Moyers talked with Maggie while Detective Steve Webb spoke to Raynella. She informed Webb that it had been a typical morning. Katie was running a little late but she left home for school at 8:15. Raynella said she’d prepared and served her husband breakfast in bed. “He always tells me I bring it too hot to melt the butter.” The detective thought that was an odd statement but didn’t question her about it. Before leaving the house, she tuned the television to the Joyce Meyer show, a religious and inspirational program that aired at 8:30.
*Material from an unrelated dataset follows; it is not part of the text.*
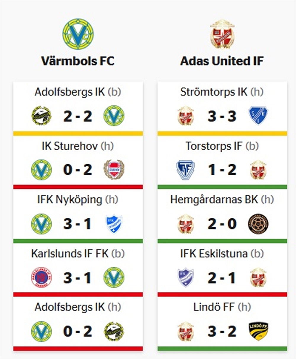 Kvällens match på IP startar 19.00, på andra sidan väntar Adas United IF. Vårens match mot Adas gav 3 poäng. Adas United IF - Värmbols FC - Matchfakta - Svensk fotboll En ny trea skulle behövas för att närma oss lagen över strecken. Adas är inne i en positiv trend med bara en förlust 5 senaste mot topplaget IFK Eskilstuna. 2024 blev vi nollade på hemmaplan vilket vi inte vill uppleva igen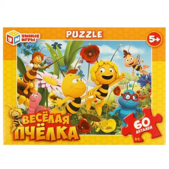 Веселая пчелка. Пазлы классические в коробке. 60 деталей.190х141х35 мм. Умные игры. 4660254451544

She also told him that the house was locked when she returned home. When Webb asked her why her husband would commit suicide, Raynella said, “He just found out yesterday that his mother has cancer.”
After a moment of silence, she added: “Well, he’s finally at rest. He can finally rest.”
She volunteered her journal, handing it to the investigator saying that it chronicled their family life and contained documentation of Dave’s health and state of mind. In response to the detective’s question, she said that she started the washer and the dryer just before leaving home at 9 that morning. Investigator Moyers silently wondered why the dryer was still running three hours later.
Moyers looked for signs of the grief and sorrow noted in Raynella by the first responder but saw none. Instead, he observed a woman in control, taking charge of the situation. That made him very uncomfortable.
He also wasn’t pleased to see the gathering of the who’s who of Knoxville’s legal and political world in front of the Leath home—public defenders, local Republican Party leaders, lawyers and at least one judge. They were clearly there in support of Raynella, their attention not wavering even when a burst of rainy drizzle blew through the gloomy afternoon. Investigator Moyers knew the pressure the powerful could apply. Their involvement always made an investigation difficult and delicate.
But what troubled Moyers the most was the evidence uncovered in the bedroom. Techs dug a bullet out of the wall. It had penetrated the headboard with a piece of the victim’s hair attached. They dug another bullet out of the floor under the bed. And a third bullet was lodged in David Leath’s head—the one that pierced his skull above his left eye, transected his brain stem and killed him instantly.
The evidence wasn’t in harmony with the widow’s story. Was it really a suicide?